I am a little more than a third of the way through a book that I want to offer to you as a possible way to add an unexpected dimension to your assertion "that life is truly a process, peace is always a practice." With the exception of one book I read many years ago nothing I've come across has so deeply illuminated the place from which experience flows and so altered for me both what I see and the way I see it. Calling that "what I think" is too narrow. It's more like "how I think" - except that even the verb "think" is too narrow. You address that place in the final paragraphs of this essay, and your writing makes evident the power of it. You're writing an essay, so you're constrained by not just the linear-ish form of the essay but also the object-orientation-ishness of words and sentences. Clearly it's not merely "remembering" that all is well, even though... it is also remembering that all is well.
I want to be a little less abstract here, and more personal. I've spent many years trying to find a way to think about what I do every day that will relieve the massive anxiety I live with that I'll wake up one day and discover that I irrevocably squandered the opportunity that was my life. The prospect of dying from covid, or anything else for that matter, doesn't trouble me nearly as much as the fear that I just didn't do enough, that I took all the opportunity I had and just... frittered it away. That's my charnel ground.

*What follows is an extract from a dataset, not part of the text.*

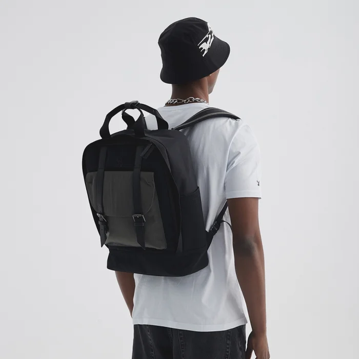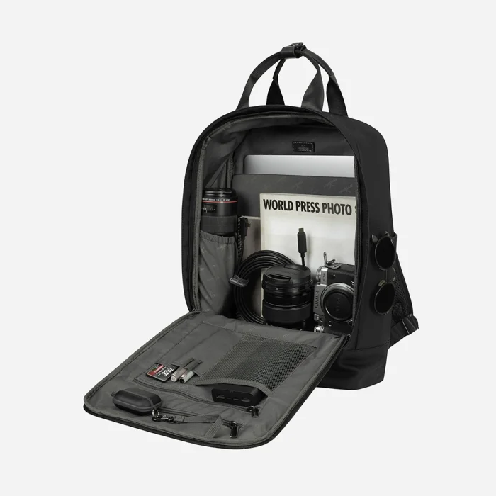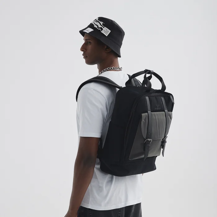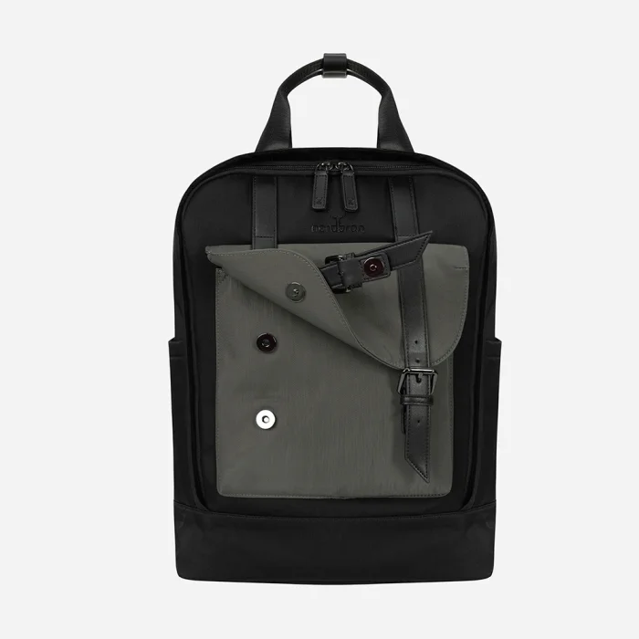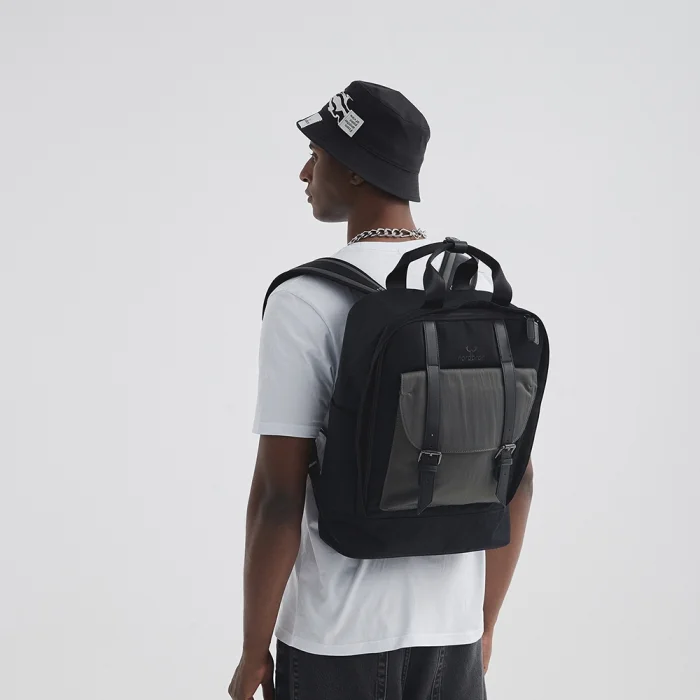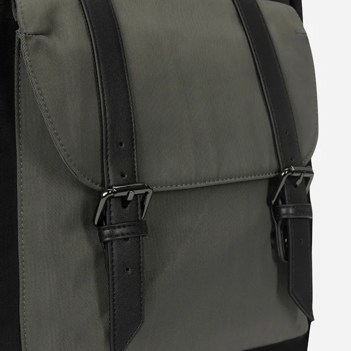 Padded laptop compartment inside (15.6 inches) Adjustable shoulder strap Front compartment with leather belt Small compartments on the inner and outer sides Large compartments with or without zippers inside and outside Water repellent fabric feature Volume: 17L Internal depth: 13 cm Width: 31 cm Height: 44 cm Weight: 900 gr.

Anyway, reading this book ("The Master and His Emissary: The Divided Brain and the Making of the Western World" by Iain McGilchrist; Yale University Press, 2009) has done more than anything I've come across in decades to reconstitute the system in which I experience (my) life and that whole question about what's enough. The transition through to the other side of fear and anxiety that you describe in your essay resonates with the reaction I'm having to this book's representation of human experience's essentially dual construction. I have, until now, always thought of myself as living in a mostly unitary "house of being." I now find myself reconsidering that entire model.
Thank you for sharing these deeply honest reflections, Chris.
I, too, felt the haunting power of that charnel ground imagery when I first read about its Buddhist framing in Pema Chödrön's book, "Living Beautifully With Uncertainty and Change." It has been very useful to me in the intervening years when I am caught up with worry and dread. Focusing on it really does help me to breathe into the moment, re-center myself in equanimity and curiosity.
I've heard of Iain McGilchrist though I haven't read his work; your recommendation will change that. I'm intrigued by your description of its impact on your understanding and worldview. My personal demons are not the same as yours, but I suspect it will have an expanding effect on the way I see myself and the world around me. Thank you for the recommendation, and the effort to contextualize it. Best wishes on your journey.
A very thoughtful essay, thank you.
Thank you. And thanks for recommending. :)
My pleasure.
This is beautiful Leah:
…. life is truly a process, peace is always a practice, and I will be okay.
We all will be okay.
Thank you. I'm glad to hear it resonated.